What I would really like to do is to define a loss like:
def loss(self,p):
out = kmodel(p,self.IF,self.device) - self.y
out = torch.sum((out)**2, dim=1)
return out
So that I have a different value for each row (they are all independent from each other), and I can do a different backward pass for each one of them.

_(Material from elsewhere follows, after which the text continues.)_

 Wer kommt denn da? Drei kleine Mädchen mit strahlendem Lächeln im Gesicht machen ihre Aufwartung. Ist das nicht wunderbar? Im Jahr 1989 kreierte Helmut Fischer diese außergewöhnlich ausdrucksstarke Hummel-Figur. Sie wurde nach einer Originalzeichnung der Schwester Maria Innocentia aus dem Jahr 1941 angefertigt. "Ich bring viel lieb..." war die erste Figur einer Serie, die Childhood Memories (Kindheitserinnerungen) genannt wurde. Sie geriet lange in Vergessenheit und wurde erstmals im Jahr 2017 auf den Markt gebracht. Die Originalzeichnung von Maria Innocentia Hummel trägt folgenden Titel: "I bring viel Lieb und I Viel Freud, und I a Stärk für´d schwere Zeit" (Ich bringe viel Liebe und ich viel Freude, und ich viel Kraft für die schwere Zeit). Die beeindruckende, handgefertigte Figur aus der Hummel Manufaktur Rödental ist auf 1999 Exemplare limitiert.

It’s hard to prove, but I feel that grouping all the time series in a single loss value, I am slowing down (and affecting) my convergence, because I am treating all parameters as if they were all part of one model, while this is not really the case.
And most importantly, having loss for each time series should ideally allow me to scale my problem (almost) linearly with the value of Nv
(each backward pass taking care of 2 parameters to optimize), while now every time I had a new row, I increase a lot the complexity of my model …
Question
Do you think I have any chance of succeding in this quest?